El hombre se puso de pie y enfrentó a Carlos en el lado opuesto de la cama. No tenía arma y solo llevaba unos calzoncillos bóxer. Sangraba por una fresca cortada que Carlos no le ocasionó. Curioso. Quizás eso explicaba la sangre en las sábanas.

Carlos sacó su cuchillo. Comúnmente su próximo curso de acción sería sencillo. Haría oscilar el arma hacia el hombre desarmado y le acuchillaría el abdomen o el cuello, lo que dejara al descubierto, o enviaría el cuchillo volando desde donde se hallaba. A pesar de la facilidad con que en las películas los actores golpeados aventaban hojas, en combate real no era algo sencillo desviar un estilete bien lanzado.

Pero Hunter no era un tipo común y corriente.

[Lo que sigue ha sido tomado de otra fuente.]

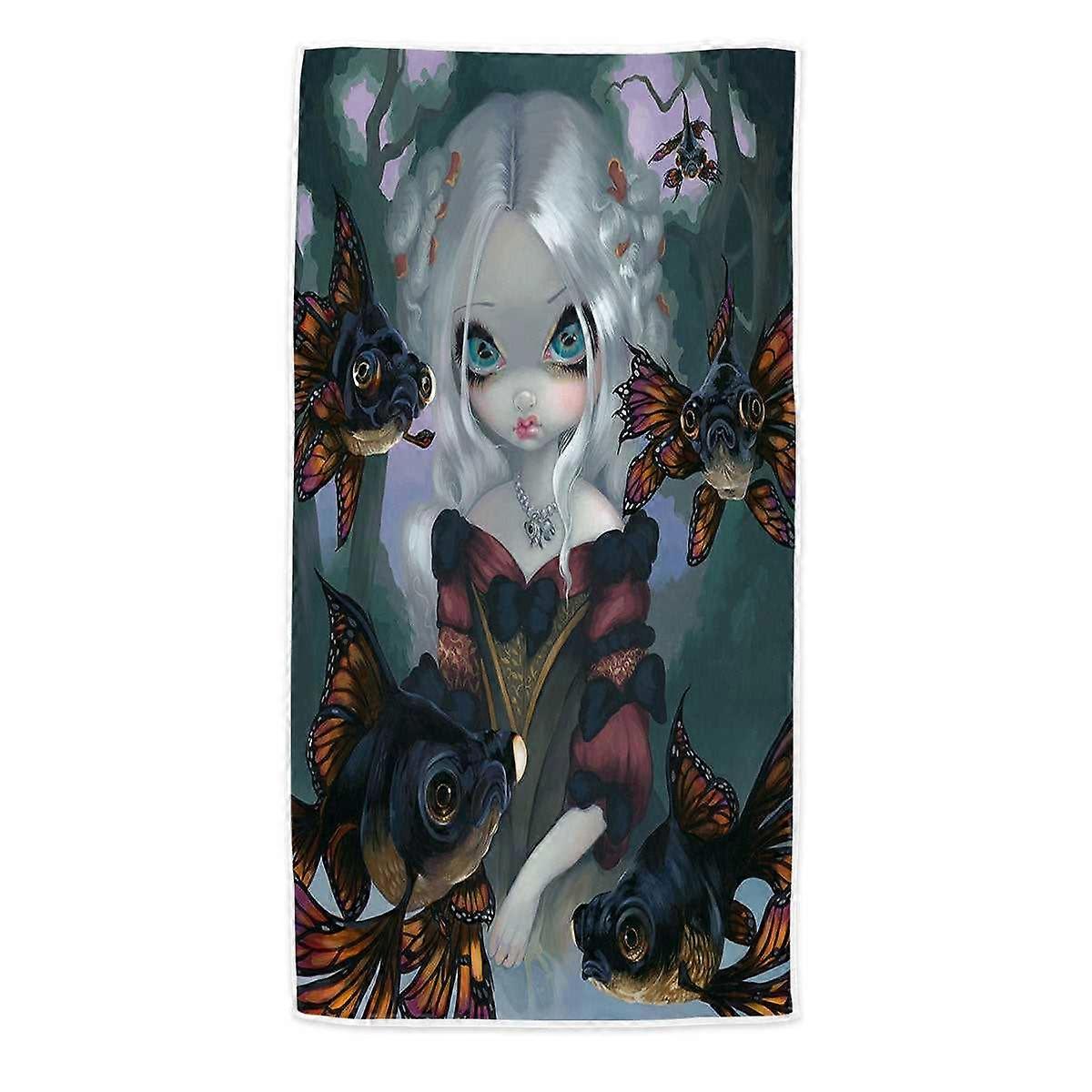 Pretty Girl and the Black Moor Goldfish Butterfly Microfiber Beach Towel

Los dos se enfrentaron, cautelosos.

A Carlos le pareció que Thomas había cambiado. Físicamente era el mismo hombre con el mismo cabello castaño suelto y los mismos ojos verdes, la misma mandíbula firme y las mismas manos sueltas a los costados, el mismo pecho musculoso y abdomen. Pero ahora se comportaba de manera diferente, con una sencilla e inquebrantable confianza. Se quedó parado, las manos sueltas a los costados. Hunter observó fijamente a Carlos, como un hombre podría mirar una desafiante ecuación matemática y no a un amenazador enemigo.

Carlos comprendió que debía estar lanzándose hacia la pistola en el suelo a su izquierda o aventando el cuchillo que había extraído. Pero su fascinación con este hombre demoró sus reacciones. Si Svensson conociera la total extensión de las aptitudes de Hunter, podría insistir en que lo atraparan vivo. Quizás Carlos llevaría el asunto ante Armand Fortier.

– ¿Cuál es su nombre? -quiso saber Thomas; sus ojos miraron hacia los costados, a la pistola y hacia atrás.